Advogado de Dilma Rousseff no processo de impeachment, o ex-ministro José Eduardo Cardozo chorou ao comentar a declaração de Janaina Paschoal. “Achei profundamente injusta a menção aos netos. Eu não condeno alguém dizendo que vou resolver o futuro dos netos. Não posso fazer isso. Isso não se faz”

Por Jornal GGN

Advogado de Dilma Rousseff no processo de impeachment, o ex-ministro José Eduardo Cardozo chorou ao comentar a declaração de Janaina Paschoal, uma das autoras das acusações contra a presidente por crime de responsabilidade fiscal. Em seu discurso final, Janaina derramou algumas lágrimas, pediu desculpas à Dilma pelo sofrimento causado e disse que fez o que fez porque pensou no futuro dos netos da presidente.

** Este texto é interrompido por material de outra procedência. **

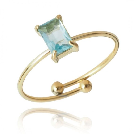 Pierścionek stal szlachetna platerowana 14k złotem z niebieską cyrkonią PST918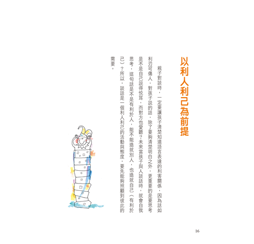 親子對談時,一定要讓孩子清楚知道語言表達的利害關係,因為話如利刃可傷人,對孩子說的話,除了要夠清楚明白之外,更重要的是要思考是不是自己說得悅耳,而對方也愛聽?未來當孩子與人談話時,就會自我思考,這句話是不是有利於人,能不能造就別人,也造就自己(有利於己)?所以,談話是一個利人利己的活動與態度,要先能夠照顧到彼此的需要。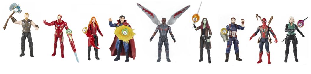 Además, se destacan las figuras de 15 cm. que vienen con una Gema del Infinito que se conecta al accesorio incluido. Las gemas también se pueden utilizar para desbloquear efectos en el juego Marvel Avengers: Infinity War Fall y en el juego de la batalla Infinity War Thanos. El surtido incluye tres figuras nuevas inspiradas en la película.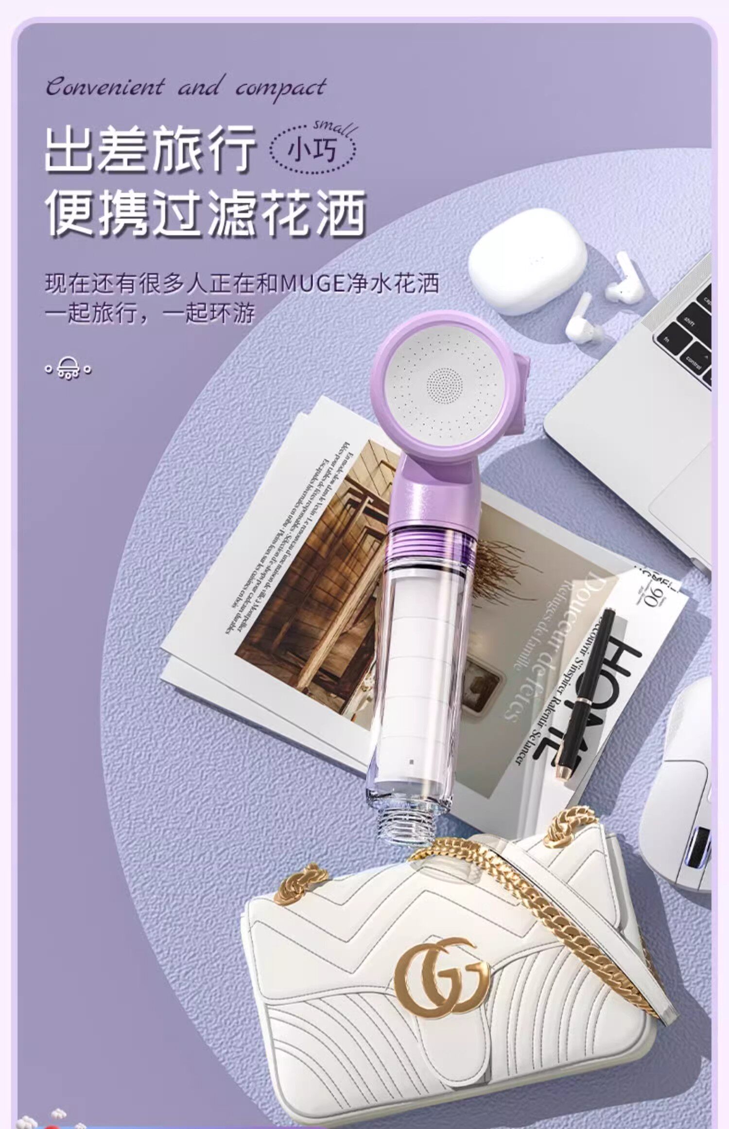 Travel shower filter hotel portable mini shower head general travel essential supplies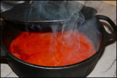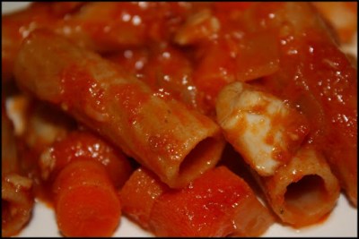 Pasta with seafood…yum! It is one of my favorites. And Fra Diavolo is likely my all-time version of seafood pasta. It’s name–Fra Diavolo–translates from Italian to “Brother Devil,” and the dish has a somewhat interesting history (to read about it go to this post). This recipe can be made with nearly any seafood and any shape pasta, so long as the other ingredients are involved…tomato sauce (I still had a pint of sauce in my freezer from last summer’s tomatoes), hot peppers, anchovies (yes anchovies!), and red wine. The recipe listed below includes penne and halibut, but the one pictured–the one I ate for dinner tonight–was made with tilapia and ziti. This is delicious, healthy, and really easy to make. Anyhow, if you’d like to see additional pictures of (variations) of this being made, click here or here.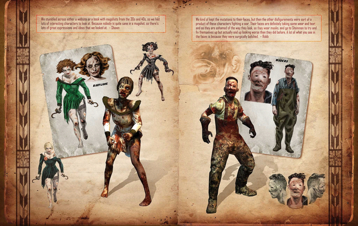 Дальнейшим элементом, на который ушло много работы, оказались сплайсеры – мутировавшие местные жители Восторга. В Irrational Games долго не могли решить, как же они должны выглядеть и настолько напоминать людей. В итоге дизайнерам идею подкинул Кен Левин, предложившийся в качестве референсов изображения “Проекта Фасад”. Если кратко – это были ранние попытки в пластическую хирургию для ветеранов и жертв Первой Мировой войны, чьи лица серьезно пострадали от осколков и прочих повреждений. Выглядит хоть и функционально, но смотреть на результаты работы жутко и некомфортно. Зато подобные изображения очень помогли художникам в создании безумных маньяков-наркоманов, с которыми нам приходится воевать.

“(…) Mesmo estando certa, peço desculpas para a presidente, mas não pelo que tenho feito, mas porque sei que o que ela está vivendo não é fácil. Sei que lhe causei sofrimento. Espero que ela um dia entenda que eu fiz isso também pensando nos netos dela”, encerrou Janaina, aos prantos.

“As palavras da acusação foram muito injustas. Para quem conhece Dilma Rousseff… pedir a condenação para defender os seus netos é algo que me atingiu muito fortemente. É errado. Não é justo. (…) Achei profundamente injusta a menção aos netos. Eu não condeno alguém dizendo que vou resolver o futuro dos netos. Não posso fazer isso. Isso não se faz”, rebateu Cardozo, emocionado.

Ao longo de sua intervenção, Janaína fez um discurso apegado à Lei de Responsabilidade Fiscal, mas também atacou o PT e Dilma por divergências políticas. Ela aproveitou o momento de acusação da presidente para dizer que não foi contratada pelo PSDB, por R$ 45 mil, para fazer o pedido de impeachment levado à Câmara. Foi criticada pela senadora Gleisi Hoffmann (PT), que disparou que se Janaina quisesse fazer discurso político e não técnico, deveria tentar se eleger antes.

Cardozo, por sua vez, disse que o crime de responsabilidade fiscal apontado pela acusação é só um pretexto para tirar Dilma do poder em função da crise política e econômica. Ele resgatou a trajetória de luta da presidente durante a ditadura militar, e incitou seus ex-ministros – alguns, hoje, favoráveis ao impeachment – a apontar existência de irregularidades nos atos da petista.

Ao final, Cardozo descredenciou a defesa de Janaina, mas disse que o pior momento foi o da menção à família da presidente. Ele disse que atacar o PT é algo rotineiro e que os partidários já estão acostumando, mas citar os netos foi um ataque injusto. O ex-ministro saiu abraçado com petistas.

“Acho que do ponto de vista humano, aquele que perde a capacidade de se indignar diante de uma injustiça, perdeu sua humanidade. Por isso me emocionei, não perdi minha humanidade”, comentou.